▶ _AIM OF THE EXERCISE_
Each line of the listing, apart from the pictures, is to be printed exactly.

▶ _DATA PROVIDED_
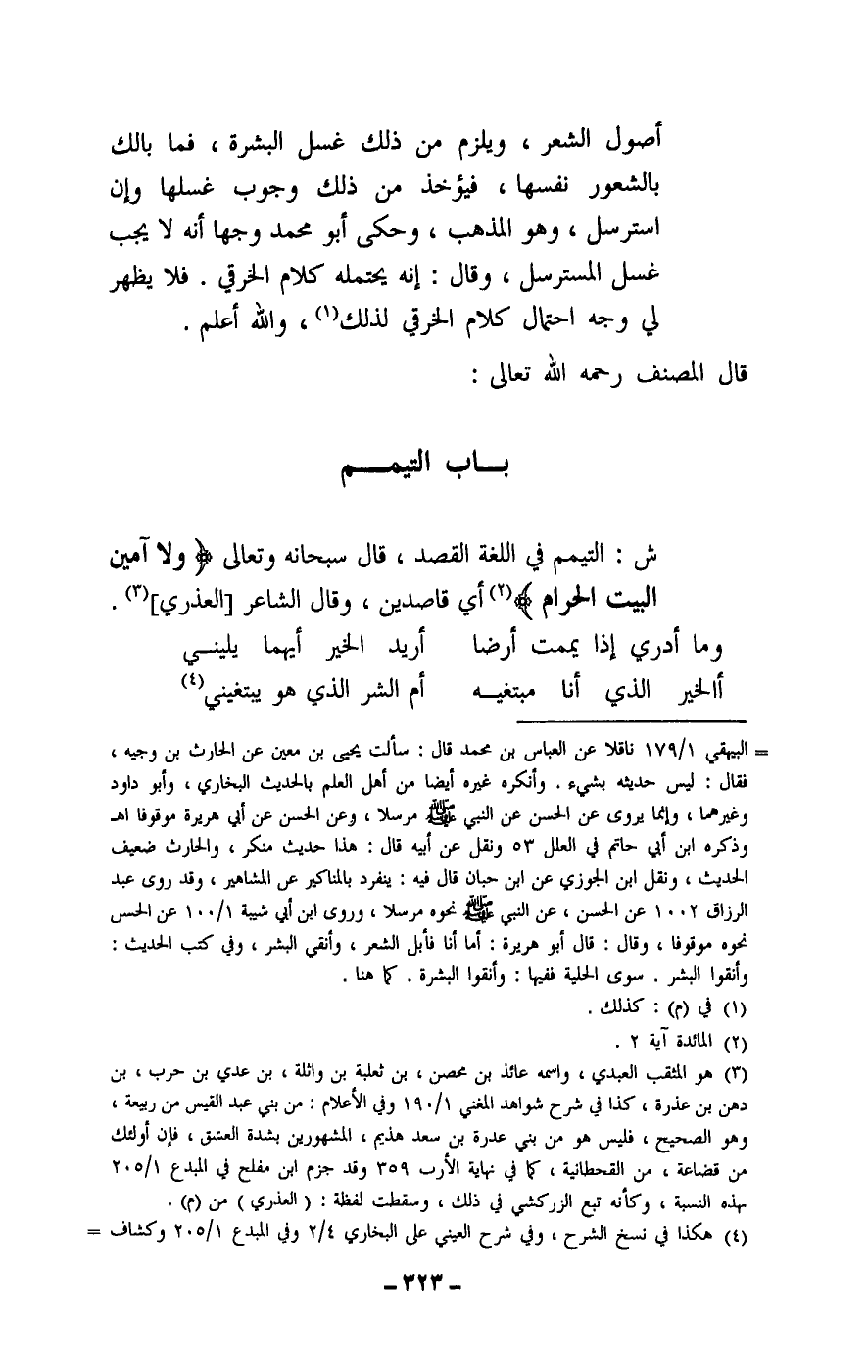ش: التيمم في اللغة القصد، قال سبحانه وتعالى: {وَلَا آمِّينَ الْبَيْتَ الْحَرَامَ} [المائدة: 2] أي قاصدين، وقال الشاعر [العذري] :
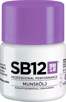 SB12 Duo är ett munskölj mot dålig andedräkt med zink och klorhexidin. Neutraliserar och förhindrar uppkomsten av de ämnen som ger upphov till dålig andedräkt. Skölj med SB12 direkt efter tandborstning eller vid behov. Med smak av eukalyptus och mentol. Innehåller 0,2% natriumfluorid. Långtidsverkande. Från 12 år.
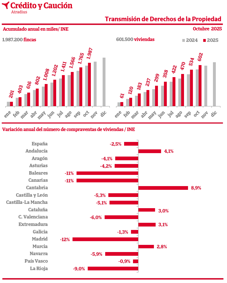 19 de enero 2026, datos revisados hasta noviembre de 2025 de la Estadística de Transmisión de Derechos de la Propiedad, (INE).

▶ _REPLY TO THE TASK_
ش: التيمم في اللغة القصد، قال سبحانه وتعالى: {وَلَا آمِّينَ الْبَيْتَ الْحَرَامَ} [المائدة: 2] أي قاصدين، وقال الشاعر [العذري] :
 SB12 Duo är ett munskölj mot dålig andedräkt med zink och klorhexidin. Neutraliserar och förhindrar uppkomsten av de ämnen som ger upphov till dålig andedräkt. Skölj med SB12 direkt efter tandborstning eller vid behov. Med smak av eukalyptus och mentol. Innehåller 0,2% natriumfluorid. Långtidsverkande. Från 12 år.
 19 de enero 2026, datos revisados hasta noviembre de 2025 de la Estadística de Transmisión de Derechos de la Propiedad, (INE).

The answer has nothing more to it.